The first time a judge sent Marquise-Unique Travon Flynn to juvenile detention he was in fifth grade. He had one goal: not to cry in front of the other kids in the courtroom.
“So when I sat there I didn’t cry,” Marquise recalled.
But his mother Gail Morehouse did.
“I couldn’t believe it,” she said. “He hadn’t broken any laws. I just didn’t get it.”
Marquise was locked up not for a juvenile offense, but because he was a truant who wasn’t following a judge’s orders.
Washington state leads the nation in locking up youth for skipping school and other non-criminal behavior. And one county leads all the rest -- Grays Harbor on Washington’s coast.
Chronic migraines … and chronic absences
On a recent breezy afternoon, Marquise returned to Robert Gray Elementary School in Aberdeen.
“This is where it all started,” he said.
The school was locked, but Marquise pointed through the front window.
“That’s the office right there and there’s a little cubby,” he said. “I used to sit in that cubby all the time, just getting in trouble.”
Marquise said he would get kicked out of class for doing things like beatboxing.
“I used to do that a lot, all the time,” he said.
But there was something else going on too. Marquise was missing a lot of school. The Aberdeen School District said Marquise was absent 69 days in third grade and 54 days in fourth grade.
He blamed chronic migraines. “That’s like staying at home puking,” he said.
“A lot had to do with the headaches,” his mother said. “And sometimes we couldn’t get a doctor’s note.”
At the end of his fourth-grade year, the school district filed a truancy petition against Marquise in juvenile court.
Gail said, “I got the notice in the mail.”
Seven days in lock-up
Suddenly, Marquise’s attendance and his behavior in school were a matter for the courts. As Marquise began fifth grade, he and his mother had to appear regularly before a judge. At first things went OK, but then Marquise hit a patch of trouble. He was accused of three instances of disruptive and disrespectful behavior at school. He also failed to complete a court-ordered good manners assignment.
That’s when Marquise did his first stint in juvenile detention. He spent seven days locked up. He was 11 years old.
The judge who put him there: David Edwards of Grays Harbor County Superior Court.
“I think Marquise, when he was 11 years old, was extremely defiant and his mother was making excuses for him all the time,” Edwards said.
Marquise’s mom said her son could be difficult, but being locked up for bad behavior?
“The punishment was something that grownups would never get,” she said.

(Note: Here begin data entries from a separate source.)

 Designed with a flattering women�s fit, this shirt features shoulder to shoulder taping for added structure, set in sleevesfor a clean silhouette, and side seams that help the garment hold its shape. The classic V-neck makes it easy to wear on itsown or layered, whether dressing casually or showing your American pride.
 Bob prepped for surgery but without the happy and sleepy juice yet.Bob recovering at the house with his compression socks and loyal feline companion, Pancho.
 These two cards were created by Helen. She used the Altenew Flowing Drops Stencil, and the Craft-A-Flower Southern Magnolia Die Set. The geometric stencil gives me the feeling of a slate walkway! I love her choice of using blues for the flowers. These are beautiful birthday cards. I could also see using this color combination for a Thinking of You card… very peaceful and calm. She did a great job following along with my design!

Judge Edwards though believed detention can help a kid like Marquise learn that they are responsible for their own behavior.
“Sometimes that lesson can only be learned through an unpleasant consequence and kids consider our detention facility an unpleasant consequence,” he said.
Case closed?
After his release, Marquise did stay out of trouble. But soon he was missing school again. The school district would file two more truancy petitions in court.

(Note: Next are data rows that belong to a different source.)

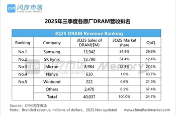삼성전자가 올해 3분기 글로벌 D램 시장에서 매출 기준 선두 자리를 다시 차지한 것으로 분석됐다. 시장조사기관 차이나플래시마켓(CFM)은 19일 발표한 보고서에서 삼성전자의 3분기 D램 매출이 전 분기 대비 29.6% 늘어난 139억4200만 달러에 달했다고
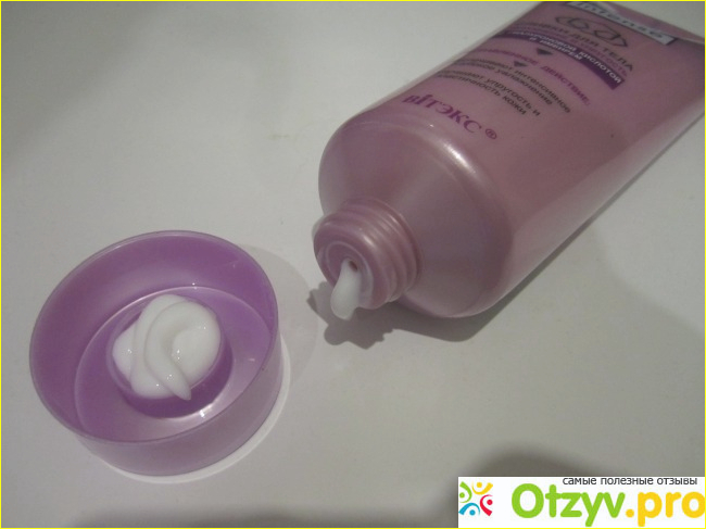 Упаковка ничем особым не примечательна, обычная туба, объемом 200мл, в сиреневых тонах. Крышка находится снизу тубы - поэтому средство можно хранить в вертикальном положении для удобства использования. Но тут отмечу один минус - крышку надо откручивать, это достаточно не удобно в сравнении со средствами, где крышка для открывания-закрывания просто отщелкивается одним движением. Само средство белого цвета, по консистенции жидкое, но текстура его очень нежная, за счет чего оно хорошо распределяется по коже и быстро впитывается.
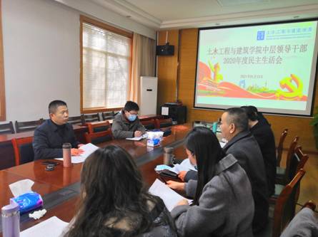 本网讯(通讯员 项勤)根据学校关于开好2020年度中层党员领导干部民主生活会统一部署安排,1月13日下午,土建学院在213会议室召开中层领导干部民主生活会。纪委书记徐慢参加会议并作点评讲话,学校纪委副书记任兵到会指导。会议由学院分党委书记刘炳春主持,学院副经理(主持工作)陈旭勇,学院分党委副书记成轶,副经理刘章军、吴巧云参加了会议,工会主席张哨军、组织员袁安会和党务干事列席会议。
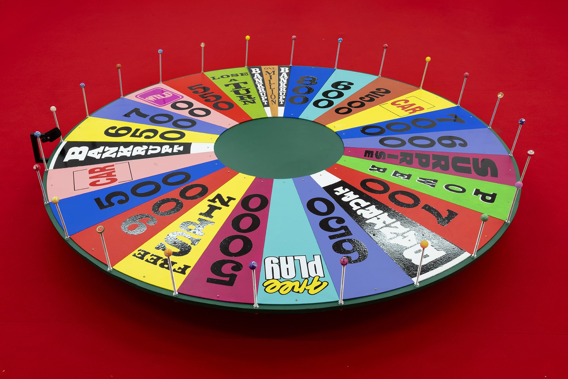 En la segunda sala hay una rueda de la fortuna funcional situada sobre una alfombra de color rojo intenso. Las proporciones de la rueda y sus veinticuatro segmentos distintos se han modelado como una aproximación a la rueda utilizada en «Wheel of Fortune», un popular programa de televisión de Estados Unidos que lleva emitiéndose de una forma u otra desde 1975. Se dice que el formato de la rueda es una mezcla de dos juegos de casino comunes: el «Big Six», que suele colocarse en posición vertical y contiene varios segmentos y clavijas alrededor de su borde, y la clásica mesa de ruleta, en la que la mesa circular gira en una dirección y una pequeña bola en la otra, deteniéndose finalmente en un valor concreto. Jones decidió no incluir el símbolo del dólar en la rueda para que los números estuvieran menos vinculados a un lugar y una moneda específicos. Aunque en esta versión de la rueda de la fortuna no hay premios, se anima a los visitantes a arriesgarse, girar la rueda y poner a prueba su suerte.
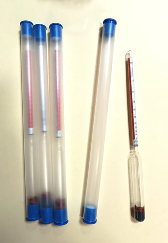 پس از تهیه ظرف مناسب ، مقداری از مایع مورد تست را درون استوانه مدرج یا ظرفی که از قبل برای این آزمایش آماده کرده ایم میریزیم. تاکید میشود ارتفاع مایع حدوداً ۳۰ سانتیمتری باشد. حال به آرامی الکل متر را درون ظرف رها مینمائیم.
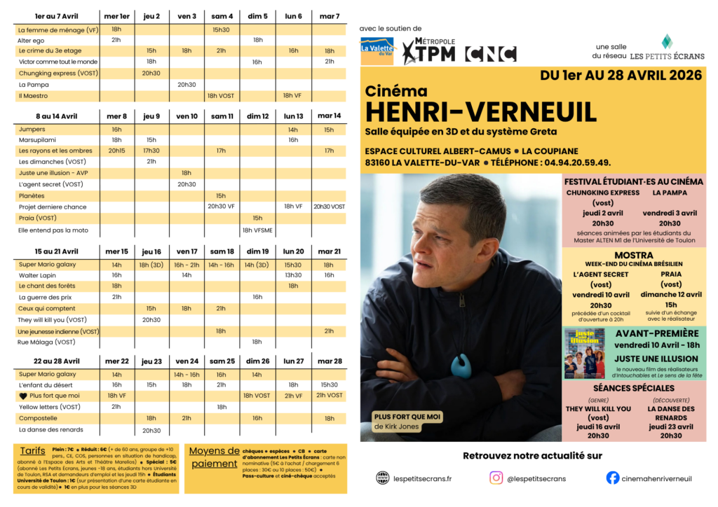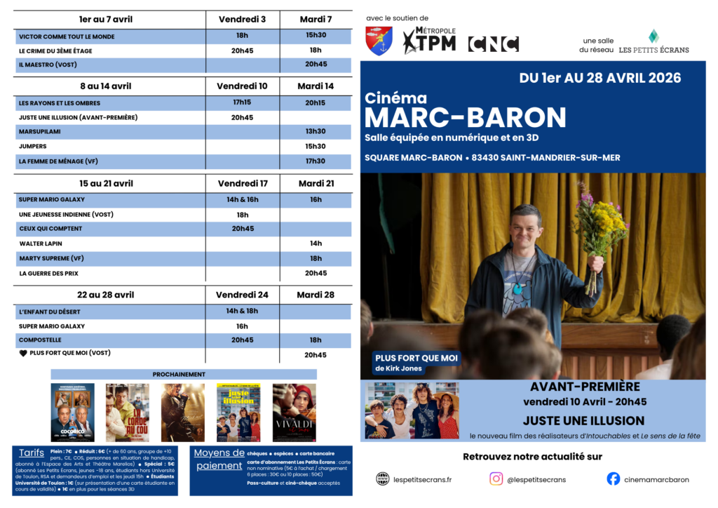 Accueil LES PROGRAMMES MENSUELS PROGRAMME DU 6 AU 31 MARS - SAINT MANDRIER SUR MER PROGRAMME DU 24 AU 31 MARS 2026 - LA VALETTE DU VAR PROGRAMME DU 4 AU 30 MARS 2026 - LE PRADET PROGRAMME DU 3 AU 28 AVRIL - SAINT MANDRIER SUR MER PROGRAMME DU 1er AU 28 AVRIL 2026 - LA VALETTE DU VAR PROGRAMME DU 1ER AU 27 AVRIL 2026 - LE PRADET NOS ÉVÉNEMENTS RECEVOIR LE PROGRAMME PAR MAIL Pour recevoir le programme mensuel et la programmation hebdomadaire JE M'INSCRIS !

Over a two-and-a-half year period, Marquise would be sent to juvenile detention seven more times: for skipping school, disrespectful behavior and, later, for testing positive for marijuana.

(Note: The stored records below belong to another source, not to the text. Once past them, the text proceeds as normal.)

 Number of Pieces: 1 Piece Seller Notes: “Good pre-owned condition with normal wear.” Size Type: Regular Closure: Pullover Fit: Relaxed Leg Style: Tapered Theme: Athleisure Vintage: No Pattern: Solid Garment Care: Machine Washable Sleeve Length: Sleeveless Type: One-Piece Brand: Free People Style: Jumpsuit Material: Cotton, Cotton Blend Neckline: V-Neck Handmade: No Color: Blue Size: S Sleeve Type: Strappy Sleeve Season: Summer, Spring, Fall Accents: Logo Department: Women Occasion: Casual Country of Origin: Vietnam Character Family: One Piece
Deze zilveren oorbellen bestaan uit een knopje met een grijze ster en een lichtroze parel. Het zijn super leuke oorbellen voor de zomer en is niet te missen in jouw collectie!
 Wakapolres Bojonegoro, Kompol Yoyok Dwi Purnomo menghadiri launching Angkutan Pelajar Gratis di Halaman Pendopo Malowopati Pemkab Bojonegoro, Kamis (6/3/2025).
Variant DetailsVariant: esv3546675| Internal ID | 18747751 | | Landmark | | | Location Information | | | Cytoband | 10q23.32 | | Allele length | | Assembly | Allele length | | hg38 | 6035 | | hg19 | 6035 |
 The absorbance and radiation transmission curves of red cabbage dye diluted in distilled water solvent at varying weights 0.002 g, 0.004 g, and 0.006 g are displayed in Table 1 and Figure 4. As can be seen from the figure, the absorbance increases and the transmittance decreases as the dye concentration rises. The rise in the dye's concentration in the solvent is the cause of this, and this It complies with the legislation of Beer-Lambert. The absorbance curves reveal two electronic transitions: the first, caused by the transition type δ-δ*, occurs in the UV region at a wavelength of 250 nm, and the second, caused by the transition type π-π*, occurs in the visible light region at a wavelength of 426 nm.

Between fifth grade and ninth grades he would spend a total of 42 days locked up. His mom calls it a “travesty of justice.” She believes all those days locked way institutionalized her son.
“The attitude that ‘I’m here, nothing I can do about it, all I can do is my time, I’ll be glad to get out, but no big deal,’” she said.
“Current circumstances don’t support that opinion,” Judge Edwards countered.
He recently closed Marquise’s third truancy case.
“I think that what happened in truancy court was an essential factor in his ultimately becoming successful,” Judge Edwards said.
Today, Marquise is in tenth grade. He’s attending an alternative high school and has dreams of playing college football.